§ WORK ORDER
Take nothing but the lines from the one with "De Simson Bel" through the one with "[2024.10.04] 강북노인福 노인의" in the entries below, both ends kept, and return them exactly with pictures left out.
++++ DATASET RECORDS ++++
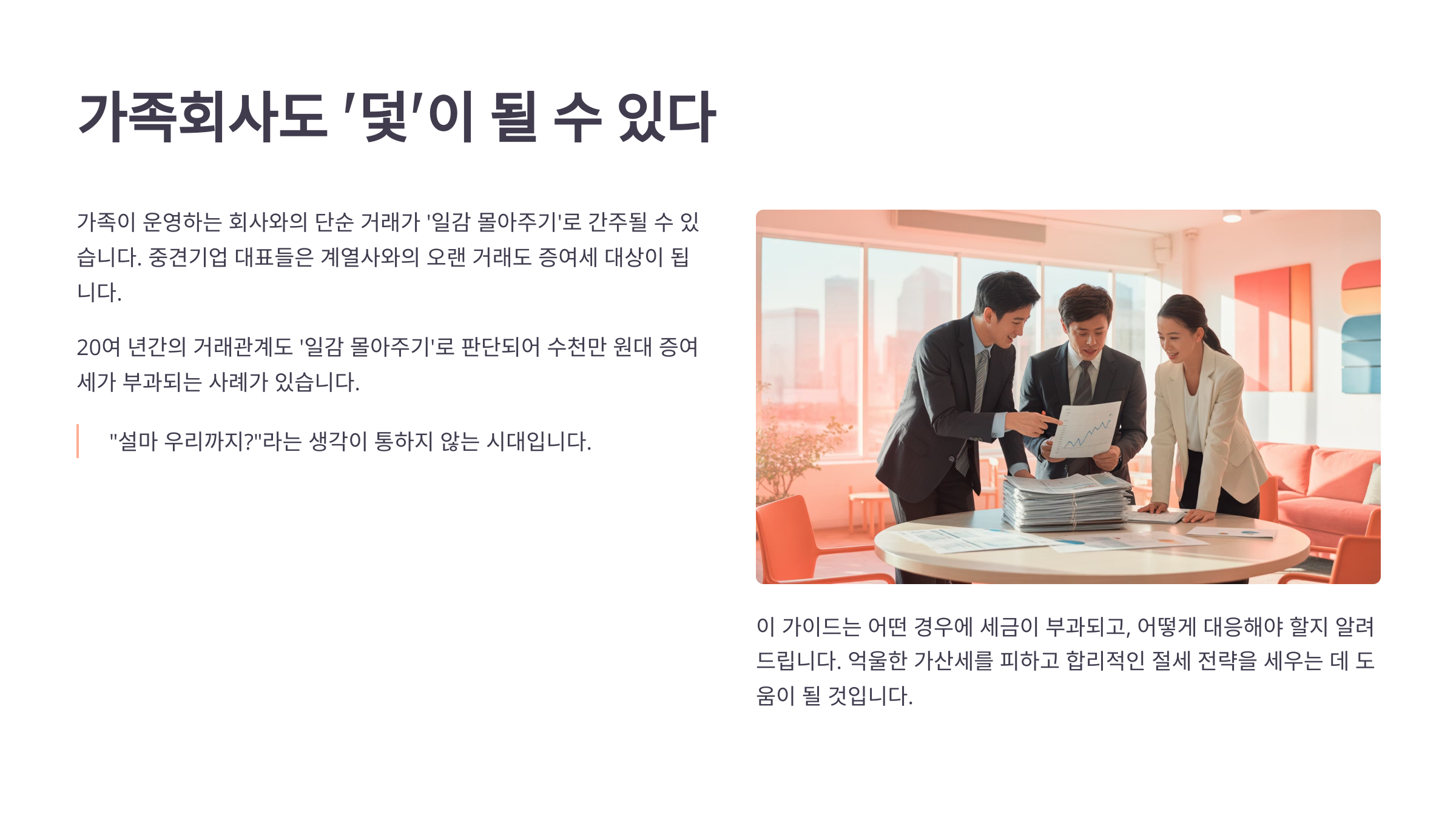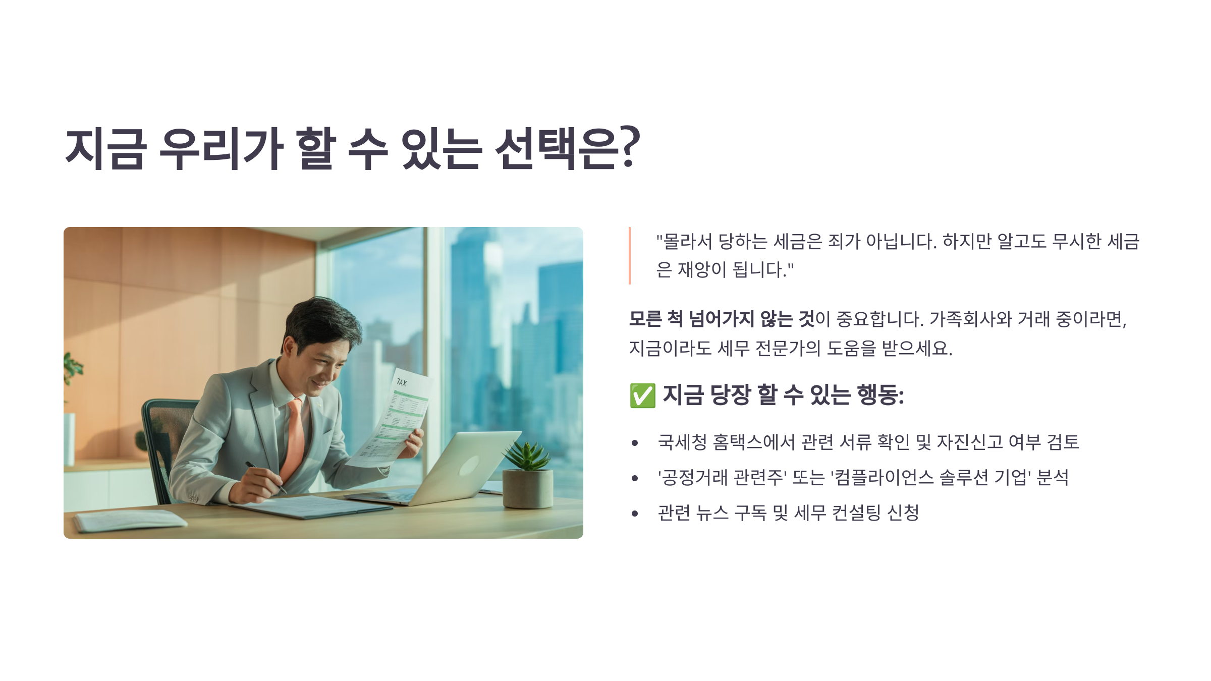 이제 중요한 것은 ‘모른 척 넘어가지 않는 것’입니다. 만약 가족회사와 거래 중이라면, 지금이라도 세무 전문가의 도움을 받아야 합니다.
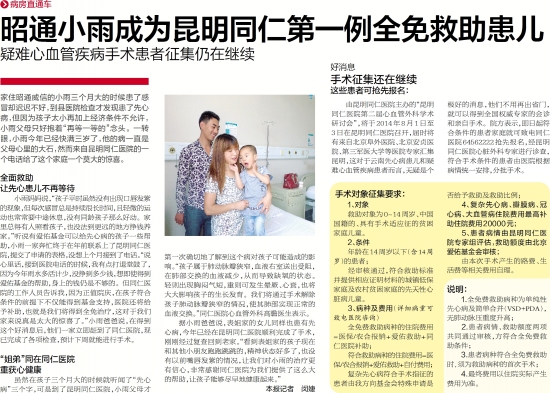 ,提交了申请的表格,没想上个月接到了电话。“说心里话,接到医院电话的时候,我有点打退堂鼓了,因为今年雨水多活计少,没挣到多少钱,想即使得到爱佑基金的帮助,身上的钱仍是不够的。但同仁医院的工作人员告诉我,因为正值院庆,在孩子符合条件的前提下不仅能得到基金支持,医院还将给予补助,也就是我们将得到全免治疗,这对于我们家来说真是太大的惊喜了。”小雨爸爸说,在得到这个好消息后,他们一家立即赶到了同仁医院,现已完成了各项检查,预计下周就能进行手术。
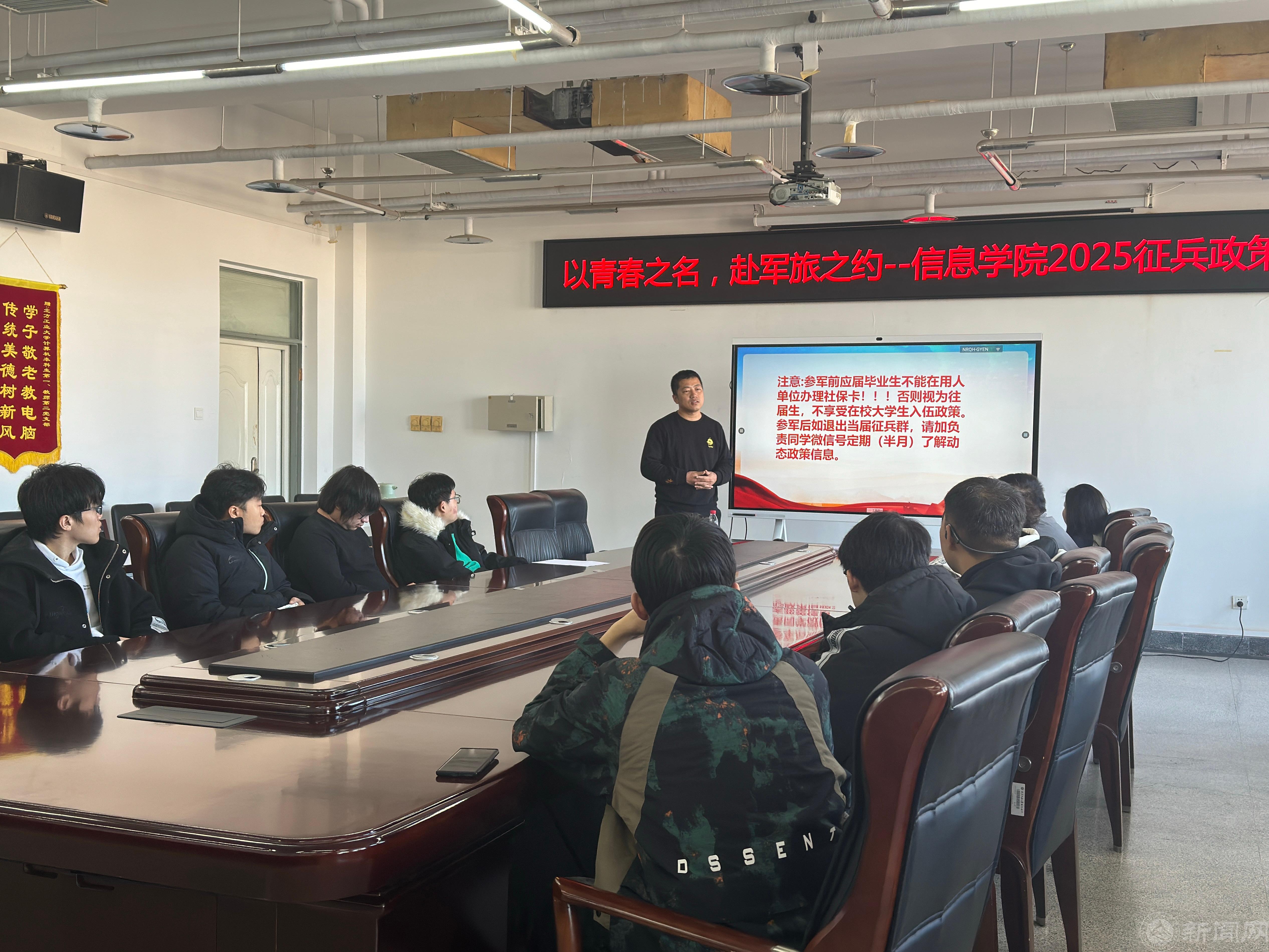 为切实做好2025届毕业生就业指导服务工作,帮助毕业生了解当前就业形势和政策,鼓励毕业生投身国防事业,拓宽2025届毕业生就业渠道。2024年12月17日,信息学院在瀚学楼1014组织开展2025届毕业生的征兵政策宣讲会,本次政策宣讲会由武装部苏宁老师主讲,2025届毕业生辅导员魏静、田庆玥以及2025届征兵意向毕业生代表参加。
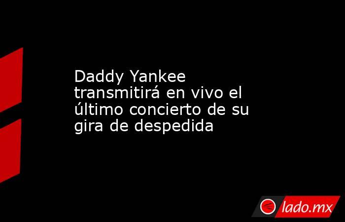 El cantante puertorriqueño Daddy Yankee transmitirá en vivo para sus fanáticos de todo el mundo el último concierto de su gira de despedida, que se celebrará el próximo 3 de diciembre en el Coliseo de Puerto Rico.
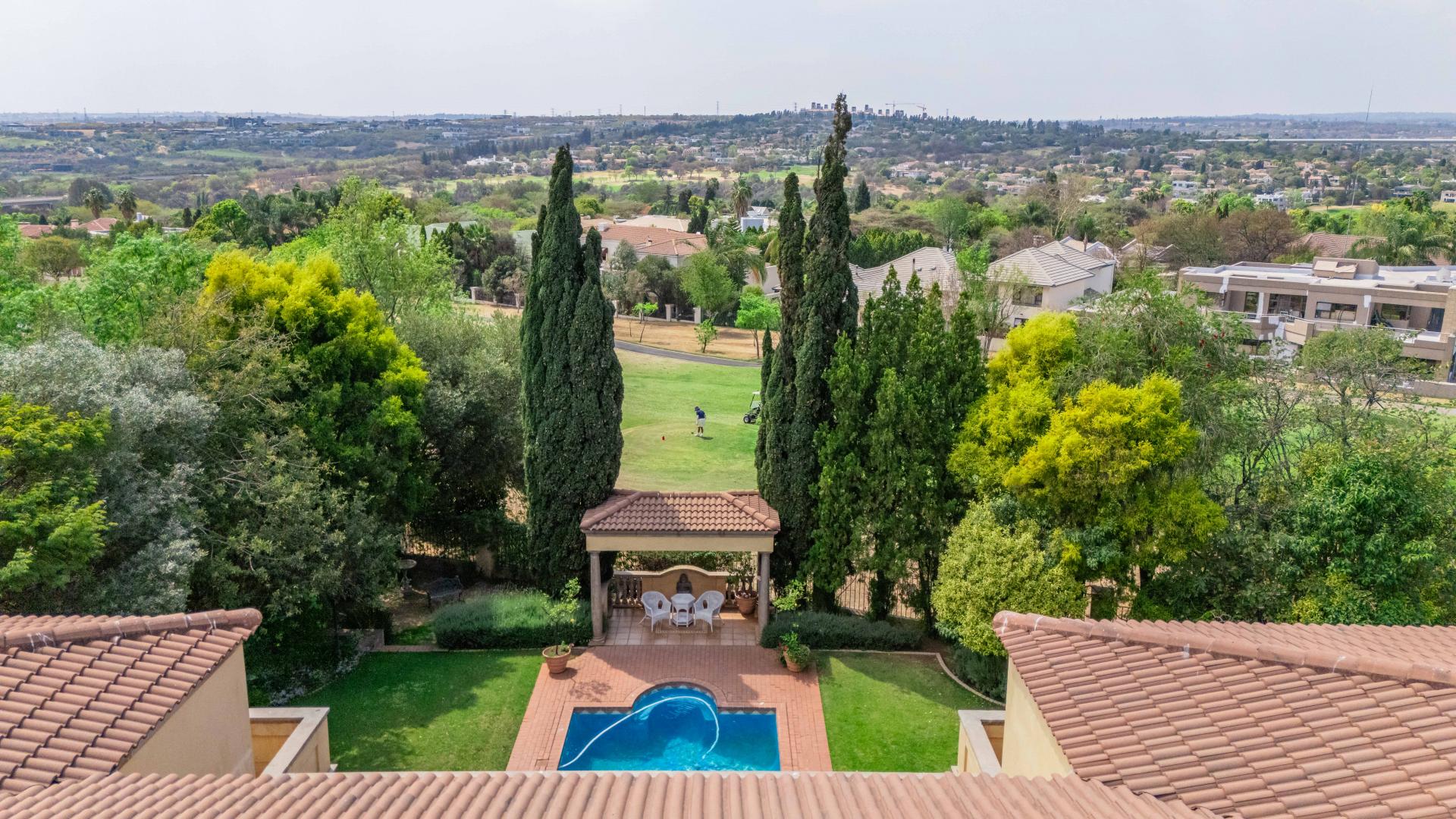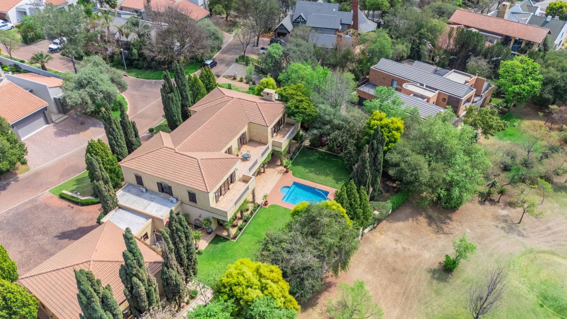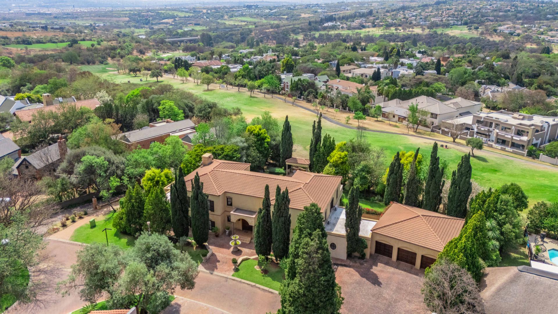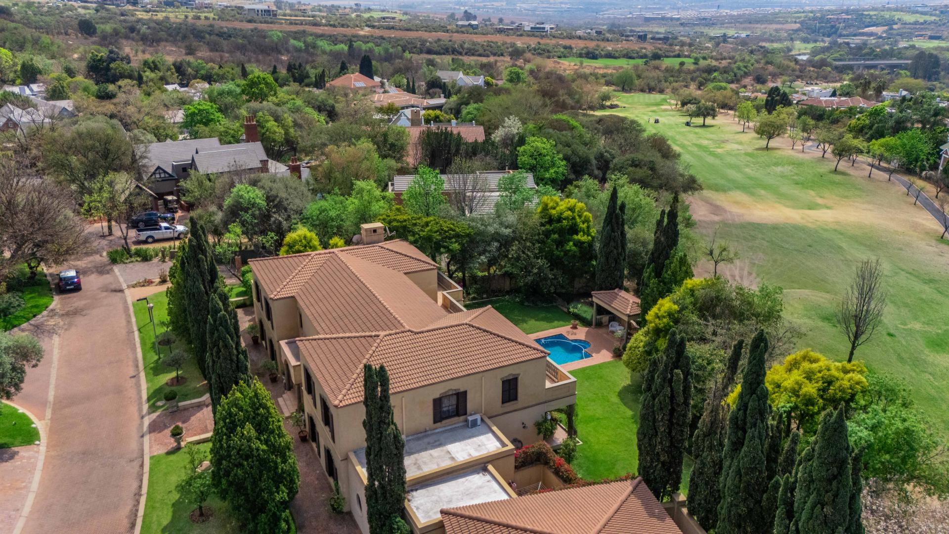 The grand entrance, framed by double wooden doors, opens up to an expansive covered patio that flows effortlessly into a beautifully landscaped garden. With a sparkling swimming pool and stunning views of the 5th fairway of the Dainfern Country Club, this outdoor space is perfect for both relaxation and entertaining.
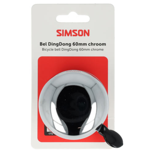 De Simson Bel DingDong Medium chroom heeft een tijdloos design en onmiskenbare Ding Dong klank. De bel heeft een chroom kleur en een medium uitvoering van 60mm. Deze fietsbel past op vrijwel iedere fiets en is te bevestigen met behulp van een schroevendraaier.
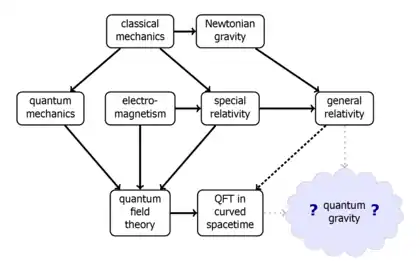Diagram showing where quantum gravity sits in the a near-cube hierarchy of physics theories. Note that electromagnetism and quantum field theory in curved spacetime are added in as an extra and distinct items.
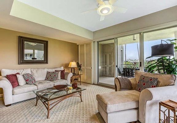 One of the only properties in this price range at the resorts to have an ocean and mountain view. This beautifully furnished 2b/2b unit in Vistas at Waikoloa is in an ideal location in the complex away from the street. This unit has a large kitchen and living area that opens to a large wrap around glass lanai where you can sit and relax while looking out to the amazing Pacific ocean. This 2nd floor unit in a concrete building is easily accessed by elevator. Vistas at Waikoloa has a heated salt water pool, 2 spas, a fitness center, BBQ area, pristine grounds with lush greenbelts and on site business center. Located in the Waikoloa Beach Resort this unit has access to golf, restaurants, shopping, sandy beaches and snorkeling all within minutes. Great weather year round at this ideal spot along the Kohala Coast make it a great vacation destination or an ideal home in Paradise. This unit is being sold turnkey furnished and has been a vacation rental. In 2014 the owners grossed approximately $33,000, In 2015 gross was approximately $41,558.
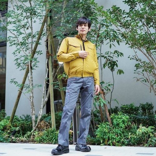 国内生産にこだわった上品な発色のコットン100%で作られたユニセックス仕様の発色の良い空調ブルゾンです。黒色の肩の切り替え部分は、フルハーネス着用を考慮し二重構造に仕上げ耐久性を高めました。 |
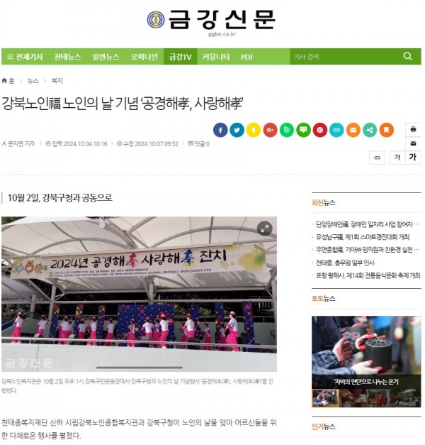 [2024.10.04] 강북노인福 노인의 날 기념 ‘공경해孝, 사랑해孝’ - 금강신문
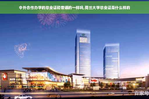 跟普通本科毕业证一样。如果学得好可以拿国外合作大学的学士学位证。根据不同学校的不同规定,有的学校不用出国就能拿到国外的学位,有的学校则规定必须出国。中外合作办学通常是指外国教育机构同中国教育机构在中国境内合作举办的以中国公民为主要招生对象的教育机构,目前所称的中外合作办学一般是指国家鼓励的在高等教育、职业教育领域开展的中外合作办学。办学方式:一是学历教育项目,必须通过统招考试,填报志愿,毕业后分别获得中外双方学校颁发的文凭(如:清华大学与澳大利亚国立大学合作举办管理硕士学位教育项目);一是非学历教育项目,无须填报志愿,参加学校自己举办的入学考试即可。中方学校修得相应学分后,通过语言考试后再被合作学校录取,毕业后获得外方学校颁发的文凭(如:中国农业大学与荷兰万豪劳伦斯坦瓦格宁根大学(原荷兰劳伦斯坦国际农学院)合作举办园艺专业非学历项目)注意:就读非学历教育项目的,若该项目未能获得教育部审核认证,即不能承认该项目所获学历。
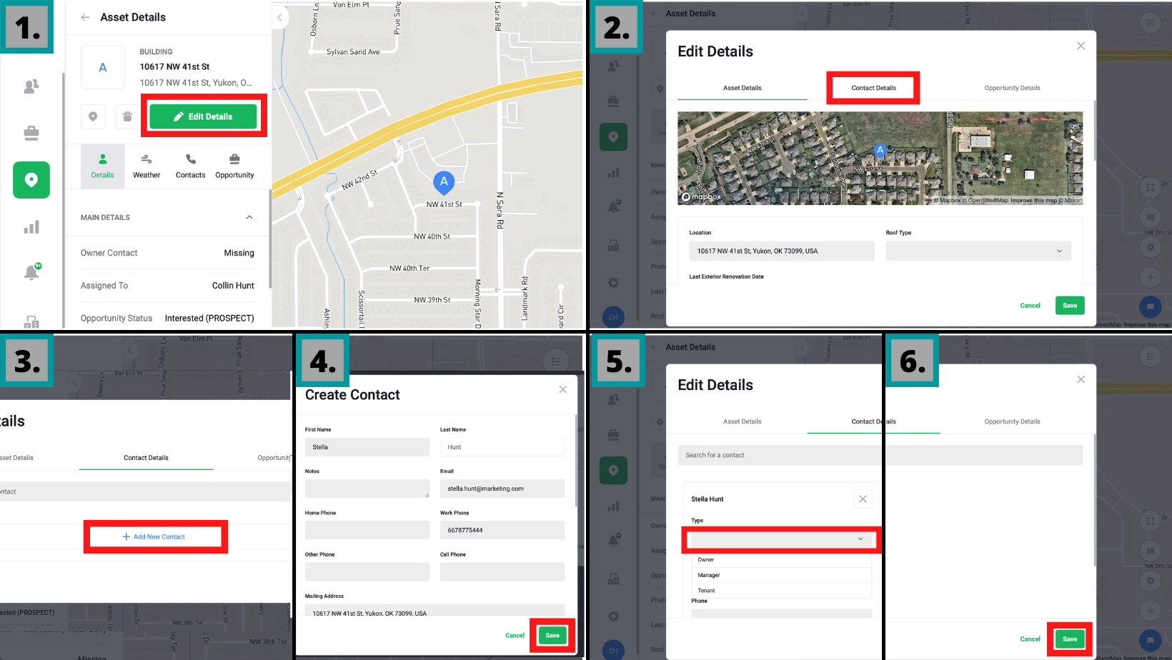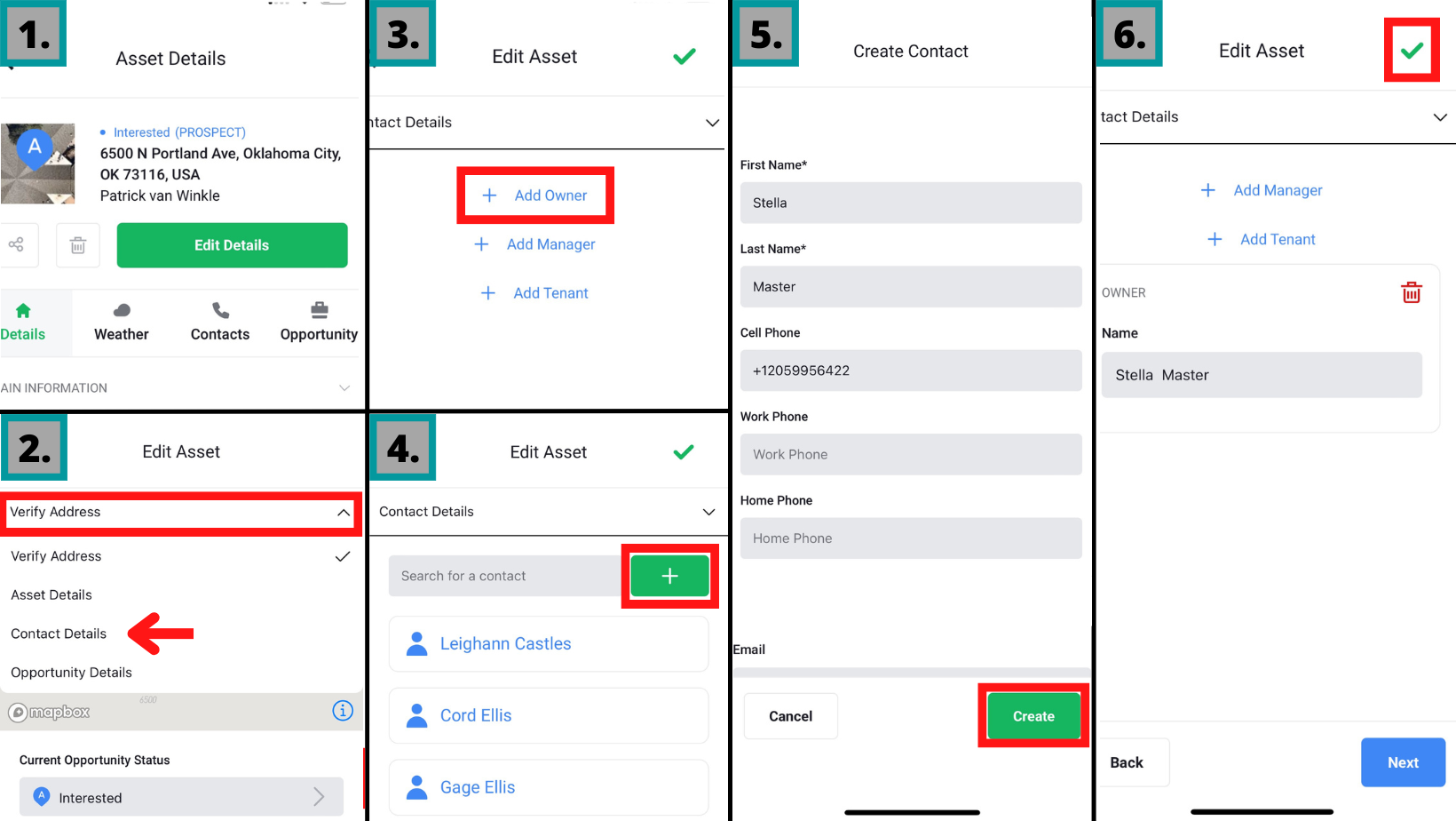 Mobile App First step: Find an Asset you want to edit Tap Edit Details Select Contact Details from the drop-down and tap the contact you want to add (Owner, Manager, or Tenant) Select from your current list of contacts OR tap the green ➕ to create a ...
++++
§ ANSWER SPACE
 De Simson Bel DingDong Medium chroom heeft een tijdloos design en onmiskenbare Ding Dong klank. De bel heeft een chroom kleur en een medium uitvoering van 60mm. Deze fietsbel past op vrijwel iedere fiets en is te bevestigen met behulp van een schroevendraaier.
Diagram showing where quantum gravity sits in the a near-cube hierarchy of physics theories. Note that electromagnetism and quantum field theory in curved spacetime are added in as an extra and distinct items.
 One of the only properties in this price range at the resorts to have an ocean and mountain view. This beautifully furnished 2b/2b unit in Vistas at Waikoloa is in an ideal location in the complex away from the street. This unit has a large kitchen and living area that opens to a large wrap around glass lanai where you can sit and relax while looking out to the amazing Pacific ocean. This 2nd floor unit in a concrete building is easily accessed by elevator. Vistas at Waikoloa has a heated salt water pool, 2 spas, a fitness center, BBQ area, pristine grounds with lush greenbelts and on site business center. Located in the Waikoloa Beach Resort this unit has access to golf, restaurants, shopping, sandy beaches and snorkeling all within minutes. Great weather year round at this ideal spot along the Kohala Coast make it a great vacation destination or an ideal home in Paradise. This unit is being sold turnkey furnished and has been a vacation rental. In 2014 the owners grossed approximately $33,000, In 2015 gross was approximately $41,558.
 国内生産にこだわった上品な発色のコットン100%で作られたユニセックス仕様の発色の良い空調ブルゾンです。黒色の肩の切り替え部分は、フルハーネス着用を考慮し二重構造に仕上げ耐久性を高めました。 |
 [2024.10.04] 강북노인福 노인의 날 기념 ‘공경해孝, 사랑해孝’ - 금강신문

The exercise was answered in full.